What is much more interesting to me is the almost as lengthy discussion of Galton and other biologists' attempts to come up with a mechanistic model of how evolution & heredity could work which explained both simple Mendelian traits but also more complex breeding phenomenon like continuous traits, regression to the mean, and occasional throwbacks. This account of the dispute between the 'Mendelians' and 'biometricians' probably strikes most readers as deeply tedious and perplexing, but I found it interesting and enlightening as most histories of statistics tend to discuss briefly Galton's inventions of correlation & regression and then skip forwards 10-20 years to when Karl Pearson has made many contributions and the stage has been set for R.A. Fisher, ignoring the interregnum, so I didn't really understand what went between. Gillham helps in that respect, although in general his statistical explanations are poor enough and confused enough that I wondered if he understood the issues at all. (I assumed he was a historian, but looking up his biography, he apparently is even a geneticist, so he really ought to be able to do better. One is probably better off looking to Stigler for accounts of things like the Quincunx.)

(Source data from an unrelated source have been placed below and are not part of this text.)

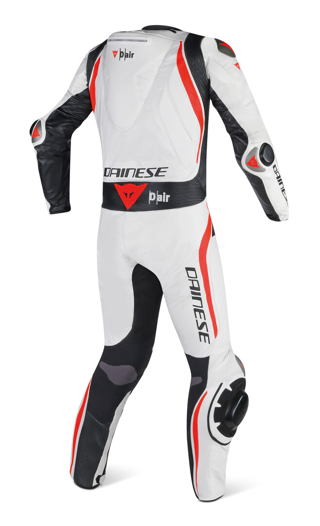 The motorcycle racing suit Mugello R D-Air includes numerous technical innovations which make it a modern safety system for professional motor cycling. One of these is the patented, intelligent emergency lighting system: an LED strip that automatically activates when the driver falls thus reducing the risk of being hit by another vehicle. The remodelled architecture of the suit integrates a patented adaptive knee design, a triaxial elastic textile and seamlessly manufactured inserts for high comfort.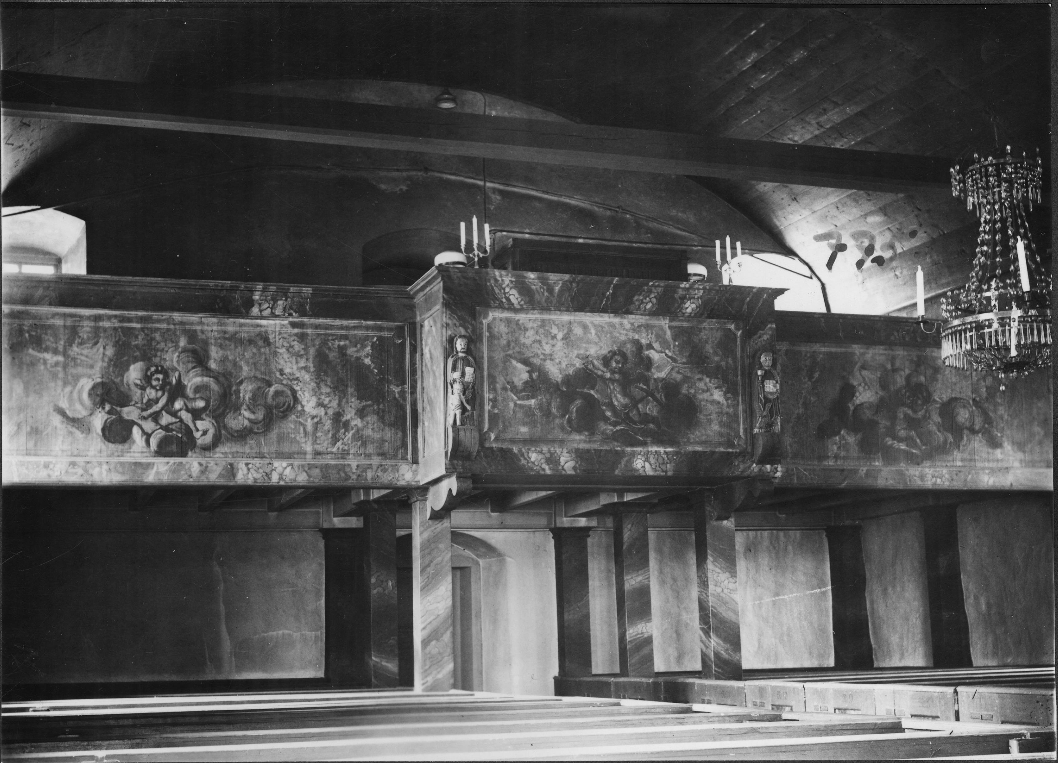 Läktarskrank, målat (putti med Trons, Hoppets och Kärlekens symboler). Snabbinv.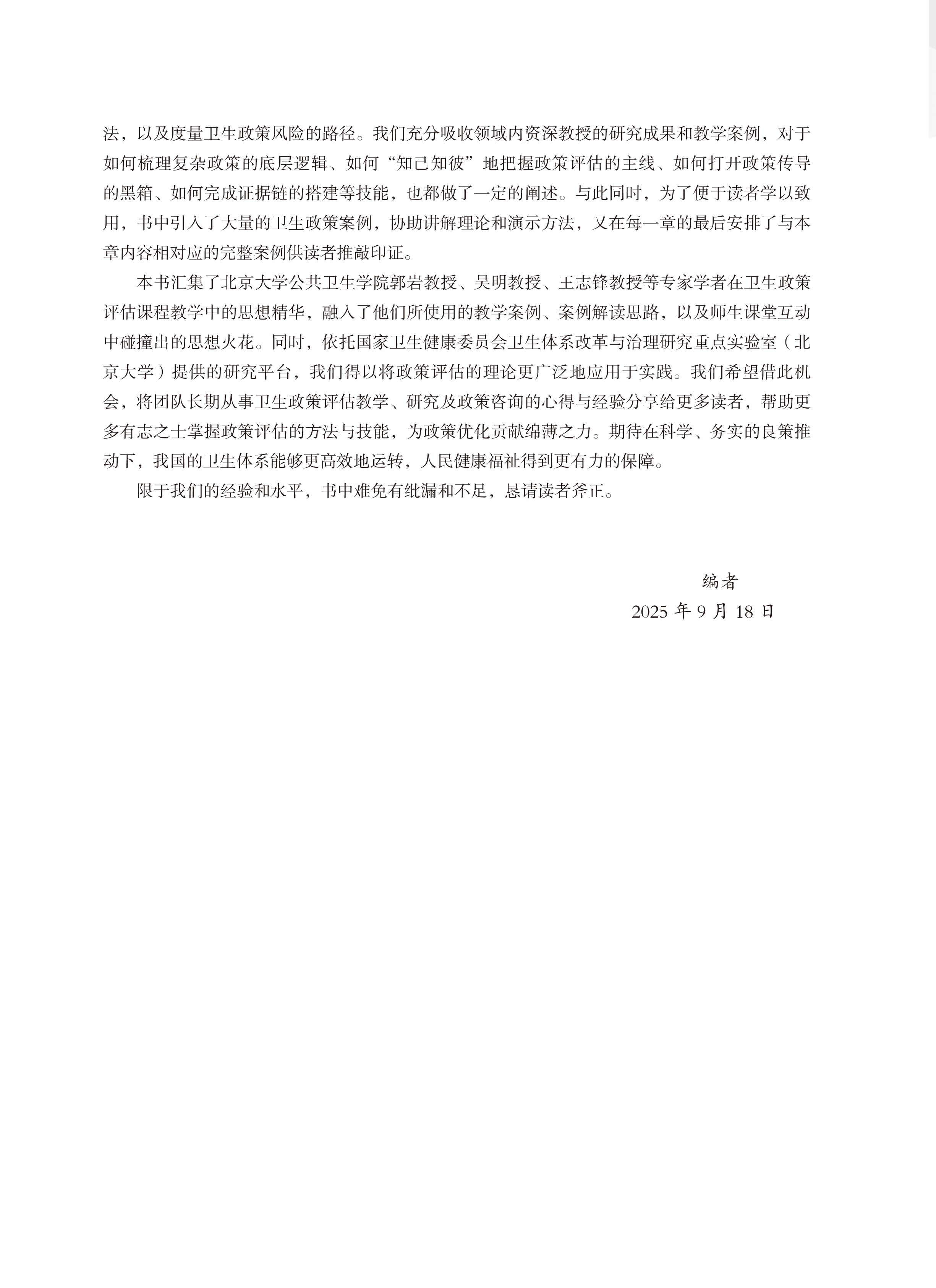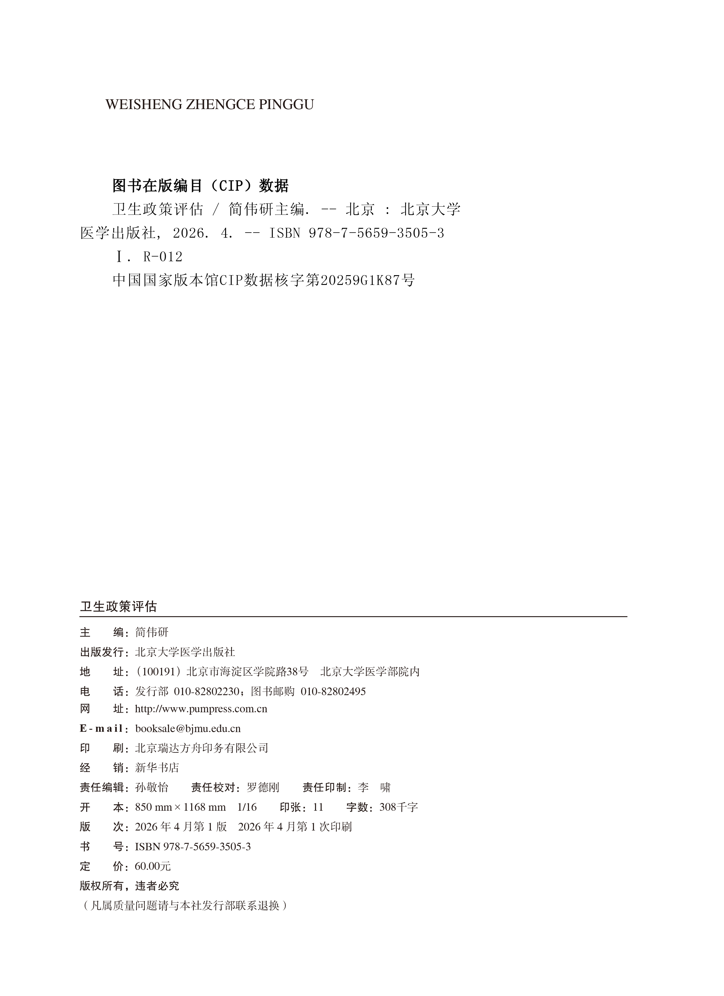 卫生政策评估 简伟研 主编 北医社

Aside from being obscure, he often leaves out critical details; for example, two or three times in the account of the debate, he quotes someone coming close to the insight that would resolve it, but Gillham doesn't explain what that insight was or how R.A. Fisher would push the insight through, so I suppose you simply have to already know that Fisher's insight was that the Mendelian view was correct but that with a large number of Mendelian genes, the Central Limit Theorem shows that they will manifest as a continuous phenotype, and the Mendelian traits were simply the extreme where there are only a handful or one relevant gene. This omission is unfortunate because it's a huge flaw in the Mendelian-affiliated eugenicists as it meant that their pedigrees of things like 'feeble-mindedness' were effectively useless since they were discretizing badly a continuous trait† they were often unable to measure accurately in the first place (no accurate IQ tests yet). Another example would be mentioning that Wissler's analysis ended Cattell's mental testing program without mentioning Wissler prompted Spearman to find the general factor (and indeed, some of the sensory testing like reaction time have shown a correlation with intelligence). Some of the criticisms that Gillham quotes approvingly are either ignorant or stupid - for example, that Shakespeare's parents were undistinguished and thus evidence against heritability, which ignores that his father was a wealthy trader & smuggler who had been elected mayor (even if one discounts the Shakespeare arms as due to the son) and his mother descended from the notable Arden family, and would be a poor counterargument even if it were true since base rates alone imply that a large fraction of great men will be of humble origins simply because there are so many humble people that it overcomes their far lower per capita chance of success (as implied by the precis of Hereditary Genius that Gillham gives). In addition to occasionally repeating ridiculous arguments, it's unfortunate Gillham doesn't survey any of the later Fisher & Wright development of behavioral genetics which bore out so many of Galton's inferences. Still, I think I have to give Gillham credit for being as fair as he was in 2001, and it overall is an excellent biography.
† Yes, I know that many cases of severe mental retardation are due to single mutations and so might be Mendelian, but they would be irrelevant from an eugenic perspective since they tend to not reproduce in the first place, while the eugenicists were concerned about the poor in general.